Thursday, March 11, 2004

West Chester urged to file plans to protect grant for museum

By John Kiesewetter
The Cincinnati Enquirer

WEST CHESTER TWP. - Township trustees, who don't want to put another park levy on the ballot yet, have to provide financial support plans so that a Voice of America museum can receive a $40,000 grant.

The money was donated to the Veterans' Voice of America Fund by the Greater Cincinnati Foundation, on the condition the township pass a park levy in the next year.

But township trustees say they don't plan to put another park levy on the ballot soon, after the crushing defeat of a five-year, 1.95-mill issue in November. That money would have paid for improvements throughout the park system, including part of the cost of creating the Voice of America museum, said Bill Zerkle, township parks director.
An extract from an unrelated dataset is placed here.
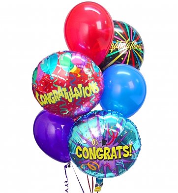 BALLOON BOUQUET3 Mylar congrats and 3 color balloons. |

The estimated price tag is $5 million for constructing museums and exhibits in the historic building from which the U.S. began broadcasting news and programming to the world in 1944.

The foundation pledged $40,000 toward the $100,000 lobby elevator, said Fred Carroll, vice president of the Veterans' Voice of America Fund.

The park levy stipulation was included to assure the township had funds to operate the museum, said Beth Reiter, the foundation's communications director. But it's not a deal-breaker, she said Wednesday.

"If the township has a formal alternative plan to sustain that facility as a museum, they are encouraged to present it to the foundation, and our grant review committee will consider it, at the latest in May," she said Wednesday.

Trustees said they want to talk to foundation officers about how they can demonstrate their commitment to the museum.

Trustees also Tuesday passed a resolution stating that the Voice of America museum "was the best use" of the two-story yellow brick building on 330 acres of park property along Tylersville Road.

The VOA will house three museums - the Gray Wireless antique radio collection previously displayed at WGUC-FM; the Media Heritage collection by WVXU-FM staffers Mike Martini and Mark Magistrelli, and an amateur radio museum, Carroll said.